Der Kosovo ist der jüngste Staat Europas. Als das Land am 17. Februar 2008 seine Unabhängigkeit von Serbien erklärte, feierten nicht nur die Menschen in Prishtina – in zahlreichen westeuropäischen Städten jubelte die Diaspora mit. Auch in der Schweiz: Gut 150’000 Kosovarinnen und Kosovaren leben hier; sie zählen nach den Italienern, Portugiesen und Deutschen zu den grössten Ausländergruppen in der Schweiz. Ungefähr ein Drittel der kosovarischen Bevölkerung lebt aktuell laut Schätzungen ausserhalb des Kosovo; damit bildet die weit verstreute Diaspora einen wesentlichen Teil der kosovarischen Gesellschaft.
Der Kosovo erlebte in den vergangenen Jahrzehnten mehrere Migrationsbewegungen. Die erste grosse Auswanderungswelle fand zwischen 1940 und 1960 statt, als die Kosovo-Albaner in Jugoslawien vor der brutalen Politik von Aleksandar Rankovic flüchteten. Von den 60er bis zu Beginn der 90er Jahre war die kosovarische Migration vor allem eine saisonale Arbeitsmigration in Länder wie Deutschland oder die Schweiz. Deutschland war durch das als Gastarbeiter-Gesetz bekannte Anwerbeabkommen zwischen der Bundesrepublik Deutschland und Jugoslawien nebst der Schweiz zu einem Magneten für Menschen aus Jugoslawien geworden. Von jugoslawischer Seite her hatte man im Rahmen des Gastarbeiter-Gesetzes gezielt Landarbeiter aus ärmeren Gebieten angeworben: Im Kosovo, in Mazedonien und im serbischen Kernland.

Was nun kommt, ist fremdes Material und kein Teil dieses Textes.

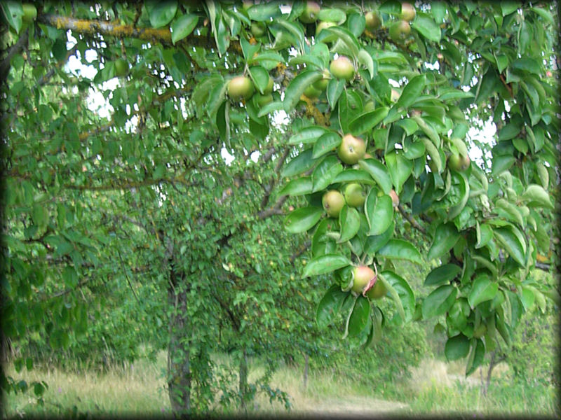 07 08 Puis plus loin sur la droite, sur une vaste parcelle à flanc de coteau, les silhouettes alignées d'innombrables noyers se profilent au milieu des hautes herbes, côtoyés par des plantations de pommiers et autres arbres fruitiers.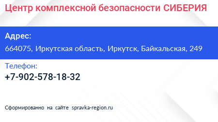 Центр комплексной безопасности СИБЕРИЯ по адресу 664075, Иркутская область, Иркутск, Байкальская, 249 в дальнейшем Организация, размещена в следующих категориях:

Entsprechend bildeten die wenig ausgebildeten Landarbeiter eine relativ homogene Migrantengruppe. Im Laufe der 1980er-Jahre wurde in zahlreichen westlichen Ländern die Visapflicht für jugoslawische Staatsange-hörige eingeführt; ab 1992 wurde die Arbeitsmigration durch die schweizerische Politik eingeschränkt und erschwert. Die schlechtere politische Lage im Kosovo zu Beginn der 90er Jahre führte jedoch beinahe gleichzeitig zu einer dritten Migrationswelle, in der einerseits Familien nachzogen und andrerseits verstärkt politische Flüchtliche um Asyl ersuchten. Gegen Ende der 90er Jahre flüchteten als Folge des Kosovo-Krieges um die 50’000 Kosovaren, oft auch nur kurzzeitig, in die Schweiz. Seit dem Ende des Krieges befindet sich das Land in einem Aufbau, der nicht wirklich vorwärts kommt. Die Erklärung der Unabhängigkeit von Serbien hat dem Land zwar zu Selbstbewusstsein und Anerkennung verholfen. Die wirtschaftliche Isolation hat jedoch dazu geführt, dass die Migration aus dem Kosovo in den letzten Jahren wieder zugenommen hat – und diesen Februar in einer Massenflucht ihren vorläufigen Höhepunkt erreicht hat. Die Bevölkerung ist ernüchtert über die Lage in der Heimat: Die Wahlen im Juni 2014, bei welchen die Regierungspartei ihre Mehrheit verloren hatte, waren für viele Grund zur Hoffnung. Doch diese Träume – zum Beispiel auf ein Ende der Vetternwirtschaft – sind inzwischen gerade bei der Mittelschicht verflogen.
Wie für so viele vor ihnen liegt die Hoffnung auf ein besseres Leben im Ausland – zumindest vorläufig, denn viele ziehen nicht freiwillig weg und wünschen sich eine Rückkehr zu besseren Zeiten. Einmal angekommen, wird es einem nicht leicht gemacht, sich auf die neue Heimat einzulassen. Die Hürden sind bekannt: Viele müssen trotz einer besseren Ausbildung mit wenig privilegierten Arbeiten vorlieb nehmen; Stellensuchende mit Namen aus den Ländern des ehemaligen Jugoslawien werden benachteiligt.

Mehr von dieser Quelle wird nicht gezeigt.